One Fat Woman

Surrounded by Chocolate and trying to find the inner thin me.

What was I thinking!!!

March31

Tonight we ordered pizza.  Two large pizzas, one chicken and pesto and one with meat… lots of meat… bacon, sausage, etc.  Both were really good and we also got a side salad to boot.  I really was craving salad… and I had that with 5 slices of pizza.

5 SLICES.

5 FREAKIN’ SLICES.

What was I thinking… or what wasn’t I thinking about.  I’ve been so careful since last weigh in.  I’m totally stoked that I can wear smaller clothes… don’t have quite the double chin I did when I started.  I was motivated.

Then my hunger set in.

Then my brain shut down.

Then I ate 5 slices of pizza.

… then I thought of doing something I’d NEVER thought of doing before.  Against my better judgement… I thought of throwing it all up.

Yes, you heard me right.

Throw it up.  No harm no foul.  I could just get rid of my binge.  Stick a toothbrush down my throat… and away it goes.

I was on my knees in front of the toilet.

… and I stopped.

I had a moment of clarity.

Maybe I was a little scared… of throwing up.  I hate throwing up.  But I was down on my knees contemplating it.

But I didn’t do it.

I’m taking those 5 slices and sticking them directly on my thighs.  Thanks very much.

I messed up today.  I don’t want to be going to an extreme like that.  I know better than that.  So I didn’t.  But what scared me was the fact that it went through my mind, and that I was on my knees in front of the toilet.  Ready. To. Go.

What a wake up call.

posted under Bumps Ahead | 1 Comment »

My Virtual Model

March29

I came across this site through another “fat blog”.. and thought it was kind of neat.  You can build a virtual model of yourself and show off just how fat you are without the humiliation of a “real” picture… LOL.

One Fat Woman Virtual SelfVoila… this is a virtual me.  Not so horrible.  Not so great either.  But I thought it was a neat thing - you can dress your virtual self up and set your height, weight… and then see what the clothes look like on you.  You can get an underwear (default) one, but I liked dressing mine up ;)

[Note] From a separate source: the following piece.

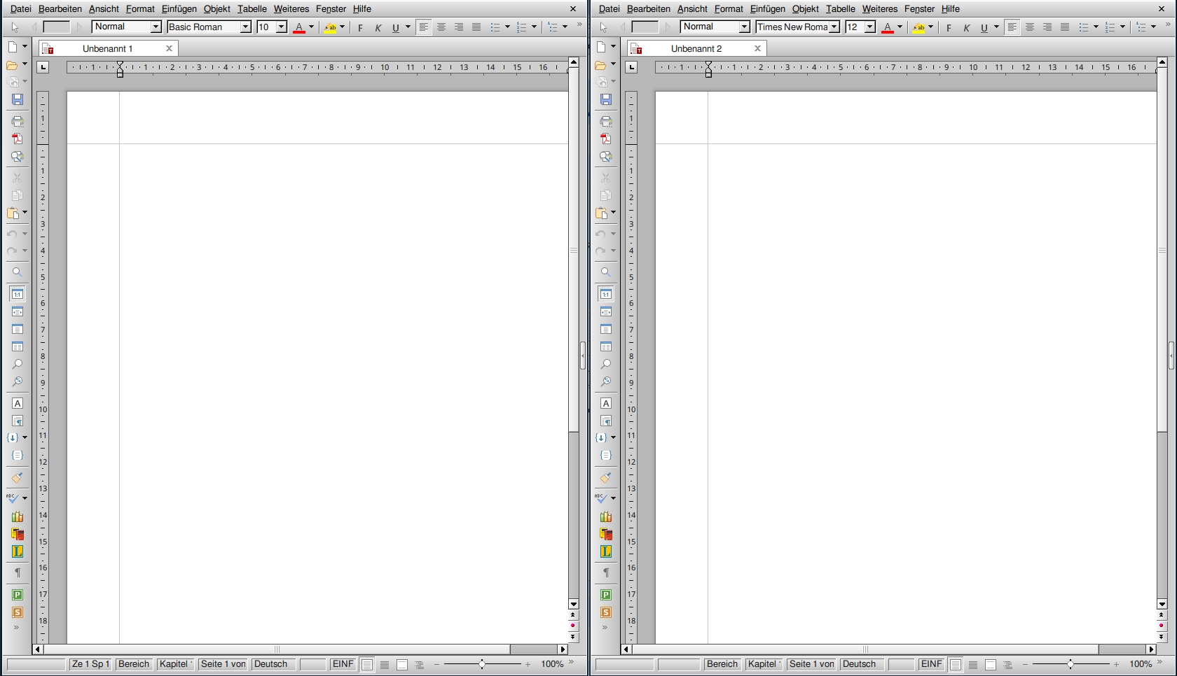 martin-k hat geschrieben:Die werden wir nachliefern, und zwar in der Form, dass man auf Knopdruck zwei Dokumentfenster nebeneinander sehen kann. Dazu werden das aktive und ein anderes Dokument als separate Fenster nebeneinander auf dem Desktop platziert.

The hair isn’t quite right… as to the real me.  But the double chin and big hips… yup, that’s me.

I like to look at this image… and think yup… one day I’m going to be at my goal weight of 160-164 and I can go and shop at ANY store… and buy really cool stuff.  Even put knee boots on.  Because lord knows, I can’t right now because my calves are too big.

One step at a time and I’ll get there.  Must think Positively!

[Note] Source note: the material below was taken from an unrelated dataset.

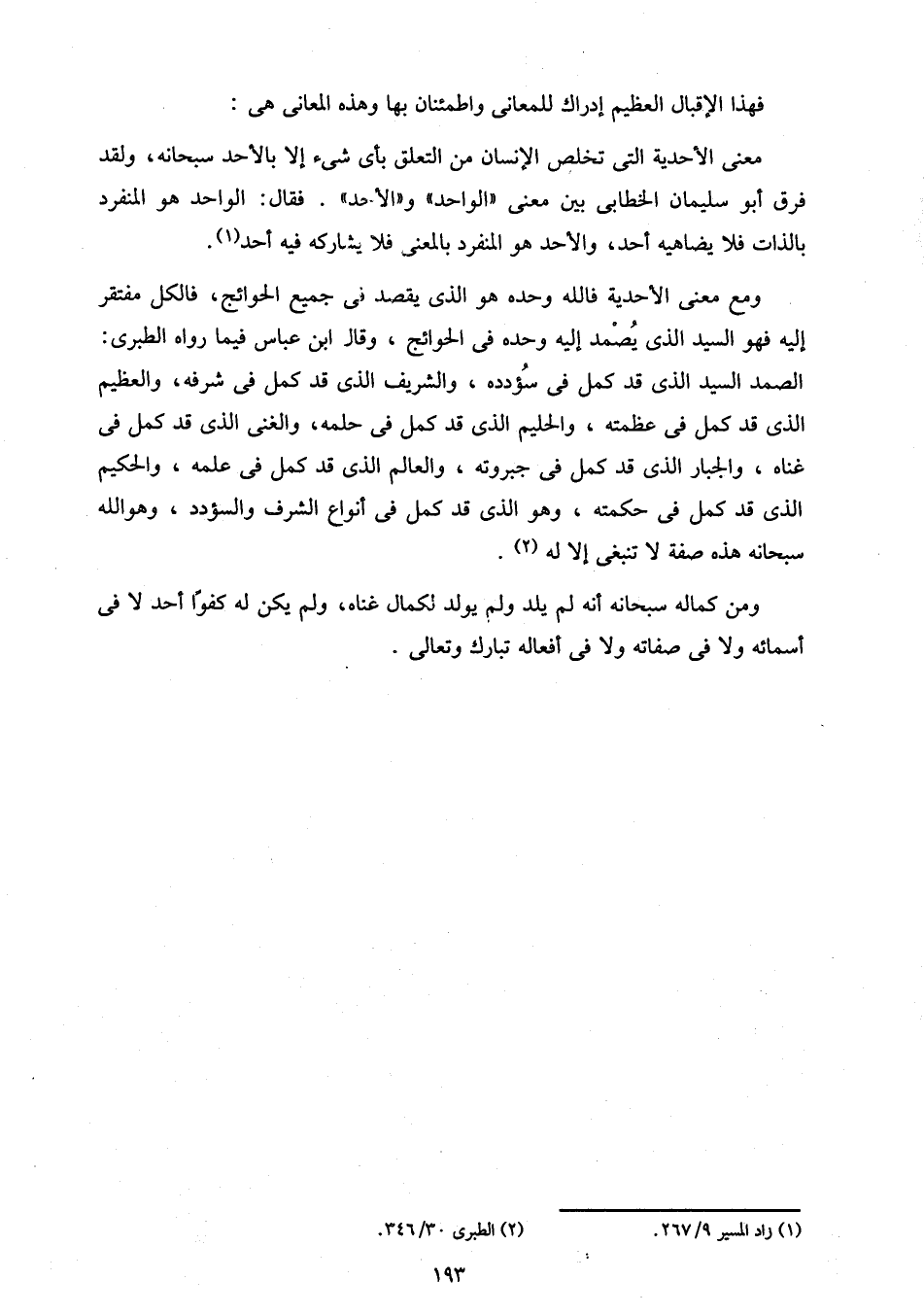 الصمد السيد الذى قد كمل فى سؤدده، والشريف الذى قد كمل فى شرفه، والعظيم الذى قد كمل فى عظمته، والحليم الذى قد كمل فى حلمه، والغنى الذى قد كمل فى غناه، والجبار الذى قد كمل فى جبروته، والعالم الذى قد كمل فى علمه، والحكيم الذى قد كمل فى حكمته، وهو الذى قد كمل فى أنواع الشرف والسؤدد، وهو الله سبحانه هذه صفة لا تنبغى إلا له «2».

Get your virtual model here: Click Here 

posted under On the 'Net | 2 Comments »

Weekly Weigh In

March28
Starting Weight: 220.0
Now: 209.4
Goal: 160

Whoooooot! I’m down 2 pounds this week according to my Weight Watcher’s weigh in. I’m now officially under 210 pounds… I’m so happy I could just do a little happy dance.

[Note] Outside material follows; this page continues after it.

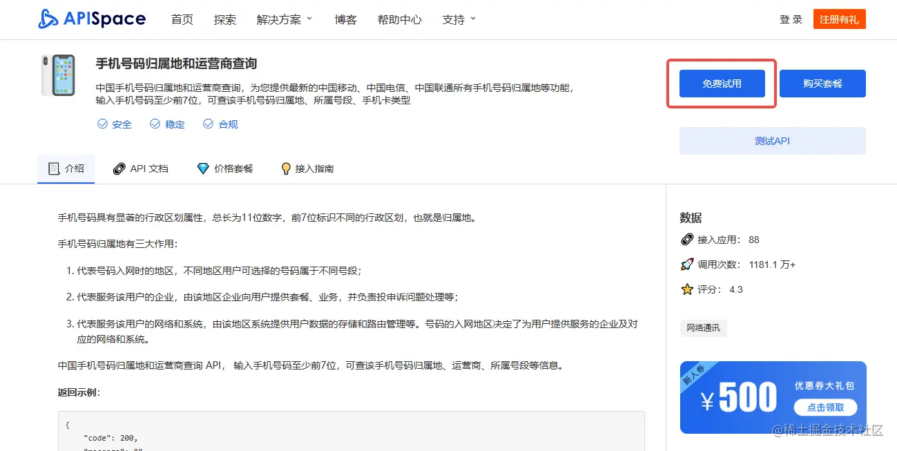 1.注册登录 APISpace,进入手机号码归属地和运营商查询详情页,点击【免费试用】按钮即可领取免费次数

Last night I cleared out my closet - sorting out what was too big (go figure!), not so big, or still fits… and boy that was interesting. I think I emptied out most of my closet - and I found a pair of jeans that I’d not been able to wear for over a year - that I put on and guess what… they were loose! Oh my freakin’ god. I felt so good. I’m on my way. All that hard work - setbacks… blah, blah, blah… at that moment - it was all worth it. I’m officially 8.4 pounds down at Weight Watchers (and another 4 from when I started a week before).